Further, different types of relational GVC emissions are considered, as shown in Figure 2b. The domestic GVC production network-induced carbon emissions are dominated by chain-structured relationship activities (T3), which accounted for 7.04% of the total carbon emissions in 2016. This was followed by the circle-structured (T4, 4.48%) and interaction relationship activities between FIEs (T2, 0.71%). Studies have shown that the multiplier effects of FIEs are smaller than their spillover effect, with MNE subsidiaries primarily influencing the sustainable development practices of the host country through interactions between DOEs and FIEs (Hou et al., 2023a) [37] and not just within FIEs themselves. Although chain-structured activities result in higher emissions compared to circle-structured activities, the proportion of emissions from circle-structured relations has shown a significant increase, particularly after 2010. The share of circle-structured relations leading to emissions rose from 3.30% in 2010 to 4.48% in 2016, while the share of chain-structured activities leading to emissions decreased during the same period. In cross-border GVC emissions, the chain-structured relationship activities are dominant (T5). In 2016, emissions induced by chain- and circle-structured relationships accounted for 11.46% and 0.41% of total carbon emissions, respectively. The trend analysis shows a significant decline in chain-structured relationship activities since 2008, with a noticeable downward trend continuing despite localized reversals after 2009. Correspondingly, emissions from circle-structured relationships have generally increased since 2009 and reached a peak of 50.28MT (0.51%) in 2014.
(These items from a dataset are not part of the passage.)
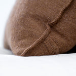 The decorative pillowcase has a light, warm brown color, which we called the hazelnut color. The color is very natural, beautifully combined with white, beige, wood and dark accessories. The pillowcase is sewn from thick wool fabric, finished on the edges with thick, decorative stitching made of wool yarn in the same shade. And if you only like decorative pillows in a set with a warm wool blanket or bedspread, you can create a truly winter set within one collection.
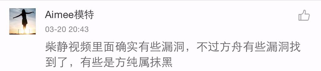 方舟子 @fangshimin · Mar 20这个到现在还跟徐宥箴打得火热的女方黑,为了在抹黑我时显得客观,竟敢承认柴静有漏洞被我抓住,当心哪天被土豪杀了吃人肉。 https://pbs.twimg.com/media/CAmT0F9VIAAQl73.jpg:large
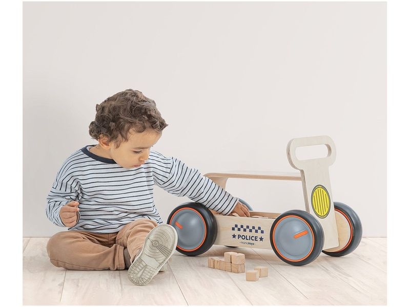 Policejní auto a chodítko od MamaToyz je ideální kombinací zábavy a učení pro vaše malé objevitele. Toto roztomilé a všestranné dětské vozítko podporuje motorický vývoj, zatímco poskytuje hodiny zábavy. Díky svému promyšlenému designu je bezpečné a skvělé pro děti od 12 měsíců do 3 let. Můžete také utáhnout nebo povolit všechny dřevěné kola a ovlivnit tak rychlost otáčení pneumatik. Pod robustním sedadlem je dostatek úložného prostoru pro vašeho oblíbeného plyšáka, stavebnice atd. Díky tomu se z pojízdného auta a chodítka během okamžiku stane mini vozík vhodný pro děti.

Figure 3 illustrates the annual growth rate of the carbon emissions resulting from relational GVCs relative to 2005. Relational GVC emissions increased by 20.46% (+336.52 MT) over the entire study period, which is mainly derived from the growth of domestic GVC emissions. Between 2005 and 2016, domestic GVC emissions increased by 53.77% (+351.69 MT) compared to 2005, while cross-border GVC emissions decreased by 1.53% (−15.17 MT). Drilling down to the relational GVC structural characteristics, it is observed that after 2009, compared with the fluctuating growth rates of chain-structured relationships in both domestic and cross-border GVC production networks (T3, T5), the growth rate of circle-structured relationship activities continued to increase and peaked in 2014 (T4, T6). In 2014, emissions caused by circle-structured relationships between DOEs and FIEs (T4) and between domestic and foreign firms (T6) increased by 106.06% and 134.54%, respectively, compared to 2005. Although there was a decline after 2014, the growth rate remained higher than that of chain-structured relationship activities in the same period. Although the chain-structured relationships result in higher carbon emissions than the circle-structured ones in terms of scale (Figure 2b), the circle-structured relationships show a higher potential for carbon growth in relational GVC emissions. Circle-structured relationship activities involve intermediate goods interactions between firms with the same starting and ending points, and circle-structured networks are resilient to control (Yue et al., 2024 [14]), making the inter-firm relationships involved in such production networks more “sticky’’, which makes it more challenging for the implementation of carbon emission reduction policies. In practice, Apple and Facebook have committed to becoming carbon neutral by 2030 and are pushing their production suppliers to hasten the adoption of carbon reduction measures. Therefore, when tracking carbon emissions in GVCs to develop reduction policies, it is crucial to consider the varying environmental impacts of different production network patterns.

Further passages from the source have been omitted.